> **How to complete this task**
Would you repeat exactly the part of the listing below that runs from the line containing "Charming hand-drawn icons" down to the line containing "在讲解肢体叙事的方法时,仝教", inclusive, and nothing else?

-- Listed records follows --

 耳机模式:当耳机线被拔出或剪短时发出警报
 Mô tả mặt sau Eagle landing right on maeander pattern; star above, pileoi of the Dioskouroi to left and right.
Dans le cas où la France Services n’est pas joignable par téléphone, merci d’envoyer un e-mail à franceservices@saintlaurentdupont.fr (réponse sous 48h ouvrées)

-- Listed records concluded --
-- Listed records follows --

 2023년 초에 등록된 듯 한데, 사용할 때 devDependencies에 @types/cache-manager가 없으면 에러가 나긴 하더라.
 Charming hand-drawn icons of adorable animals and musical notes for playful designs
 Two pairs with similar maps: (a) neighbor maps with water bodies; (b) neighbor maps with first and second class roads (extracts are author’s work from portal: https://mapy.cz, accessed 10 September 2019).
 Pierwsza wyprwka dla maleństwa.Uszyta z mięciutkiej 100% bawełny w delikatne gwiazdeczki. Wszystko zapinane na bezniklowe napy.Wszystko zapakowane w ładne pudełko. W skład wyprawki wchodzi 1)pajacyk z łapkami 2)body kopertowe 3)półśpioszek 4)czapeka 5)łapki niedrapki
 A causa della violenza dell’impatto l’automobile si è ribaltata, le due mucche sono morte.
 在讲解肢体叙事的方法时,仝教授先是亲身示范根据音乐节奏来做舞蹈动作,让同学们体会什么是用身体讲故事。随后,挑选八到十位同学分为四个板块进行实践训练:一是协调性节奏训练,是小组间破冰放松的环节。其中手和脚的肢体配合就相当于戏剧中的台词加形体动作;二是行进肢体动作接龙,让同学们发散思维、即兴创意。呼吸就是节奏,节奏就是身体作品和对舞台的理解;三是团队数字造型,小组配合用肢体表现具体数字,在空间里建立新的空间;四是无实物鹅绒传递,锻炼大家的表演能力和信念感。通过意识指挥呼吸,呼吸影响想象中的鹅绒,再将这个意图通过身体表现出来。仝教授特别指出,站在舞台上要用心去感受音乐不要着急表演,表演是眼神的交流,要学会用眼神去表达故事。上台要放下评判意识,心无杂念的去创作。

-- Listed records concluded --

> **Answer for the task**
 Charming hand-drawn icons of adorable animals and musical notes for playful designs
 Two pairs with similar maps: (a) neighbor maps with water bodies; (b) neighbor maps with first and second class roads (extracts are author’s work from portal: https://mapy.cz, accessed 10 September 2019).
 Pierwsza wyprwka dla maleństwa.Uszyta z mięciutkiej 100% bawełny w delikatne gwiazdeczki. Wszystko zapinane na bezniklowe napy.Wszystko zapakowane w ładne pudełko. W skład wyprawki wchodzi 1)pajacyk z łapkami 2)body kopertowe 3)półśpioszek 4)czapeka 5)łapki niedrapki
 A causa della violenza dell’impatto l’automobile si è ribaltata, le due mucche sono morte.
 在讲解肢体叙事的方法时,仝教授先是亲身示范根据音乐节奏来做舞蹈动作,让同学们体会什么是用身体讲故事。随后,挑选八到十位同学分为四个板块进行实践训练:一是协调性节奏训练,是小组间破冰放松的环节。其中手和脚的肢体配合就相当于戏剧中的台词加形体动作;二是行进肢体动作接龙,让同学们发散思维、即兴创意。呼吸就是节奏,节奏就是身体作品和对舞台的理解;三是团队数字造型,小组配合用肢体表现具体数字,在空间里建立新的空间;四是无实物鹅绒传递,锻炼大家的表演能力和信念感。通过意识指挥呼吸,呼吸影响想象中的鹅绒,再将这个意图通过身体表现出来。仝教授特别指出,站在舞台上要用心去感受音乐不要着急表演,表演是眼神的交流,要学会用眼神去表达故事。上台要放下评判意识,心无杂念的去创作。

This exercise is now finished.